No tengo modelos democráticos para España ni inspiración ajena para ahondar en el fondo del alma de mis contemporáneos, tampoco estoy dotado del poder adivinatorio que los dioses concedieron a los mejores historiadores y moralistas de nuestro país. No sé, no creo que lo sepa nadie, cuánto durará todavía el esperpento político español. Solo intuyo que Sanchismo y delincuencia catalana conforman un tándem inolvidable. Mortal. El tinglado político montado por el sanchismo, que no es otra cosas que un ejercicio permanente de agitación y propaganda para mantenerse en el poder de forma ilegal e ilegítima, y los delincuentes catalanes, que conforman un conglomerado de sujetos que viven de matar lo que le da vida, España, comienza a explanar todas sus miserias.
Todo lo sucedido en el Congreso de los Diputados para discutir tres decretos-basuras es un engaño, una falsificación, para ocultar lo evidente: no hay Gobierno ni siquiera para amnistiar a los delincuentes catalanes. El sanchismo es una mentira de hojalata. Lo que preside Sánchez no es un gobierno sino una banda dispuesta a dejar a España en la ruina económica, el desastre moral y el cataclismo político. Sí, el régimen democrático en España está a punto de desaparecer. En realidad, creo que desapareció el día que los socialistas decidieron no dejar que se conformarán mayorías decentes y más o menos coherentes con la defensa de la Constitución en general, y de la unidad de España en particular, para formar un Gobierno nacional. La argumentación es sencilla: un gobierno nacional hecho con partidos que luchan por la destrucción de la nación nunca puede ser considerado democrático. Es un gobierno tan ilegal como ilegítimo. Es un gobierno gamberro, por no decir algo peor. El gobierno, que va contra la libertad y la igualdad de los ciudadanos ante la ley, solo puede ser calificado de tiránico. Destructor de la democracia.

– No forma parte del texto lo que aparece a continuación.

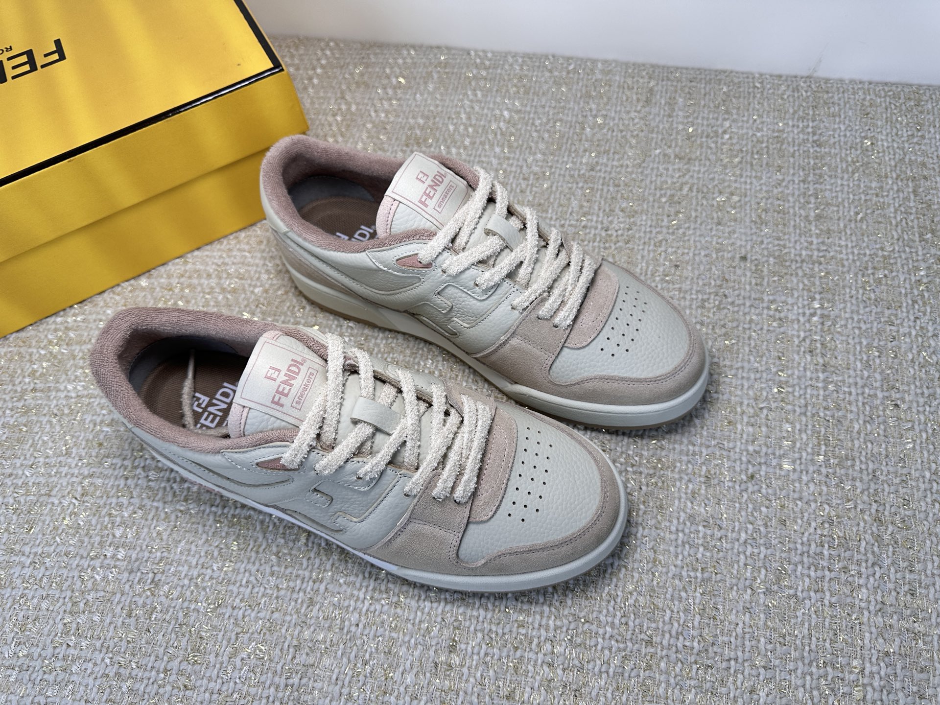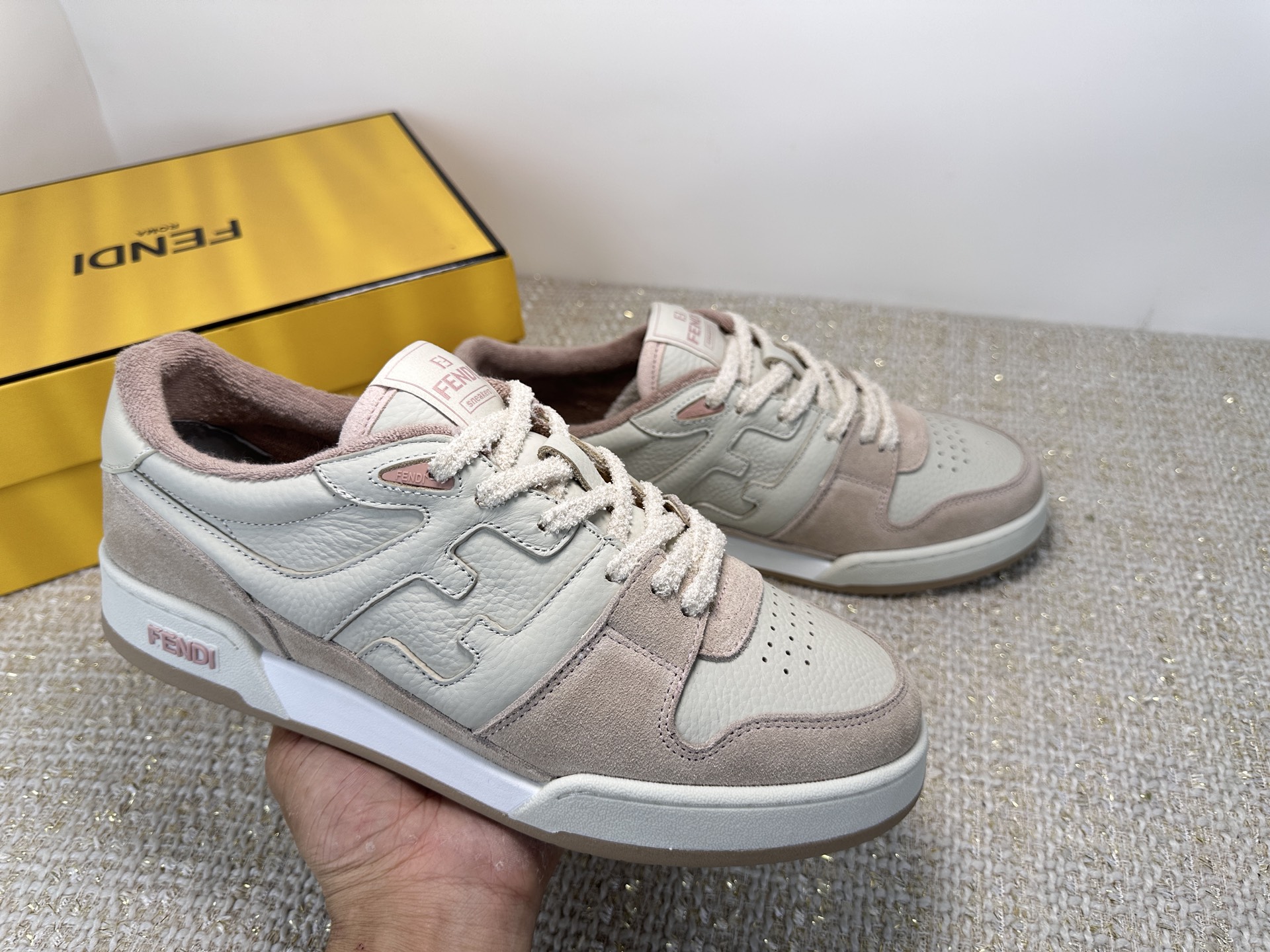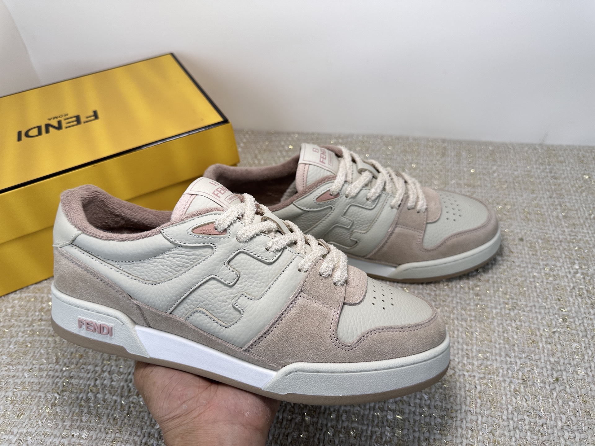 这款鞋子是AAAAA 1:1 质量 (非常棒). 使用了和原版一模一样的材料. 商标部分也保持了和芬迪/Fendi一样. 图片拍摄是实物鞋子拍摄, 您所收到的实物保证和我们图片一模一样.

Por eso, y por otros mil motivos, debemos insistir, resaltar y gritar lo obvio: la democracia está al borde de su muerte en España. Nos quedan todavía el nombre de España, algunas tradiciones, unas pocas instituciones y, naturalmente, la creencia en una idea de ciudadanía española digna de vivir en democracia, aunque hay un porcentaje muy elevado de población, populacho, que prefiere sobrevivir como esclavos del totalitarismo nacionalista y sanchista. Quiero creer que todavía hay espacios, ámbitos y energías democráticas para luchar contra quienes se han apropiado de las instituciones surgidas de la Transición y la Constitución española. Me aferro a esas energías ciudadanas para plantarle cara a la casta política, organizada en partidos, partidas y bandas que nos roban todos los días un trozo de la soberanía nacional. Aún hay gente que no está dispuesta a tirar la toalla. Pronto saldremos otra vez a la calle. Sabemos bien de nuestros fracasos, el primero de todos es que antes, hace veinte o treinta años, pedíamos más y mejor democracia, pero ahora nos conformamos con exigir simplemente democracia, o sea, queremos expulsar del poder al sanchismo y al separatismo, porque son el cáncer de las mayorías que defendemos que sin la unidad de España no hay democracia.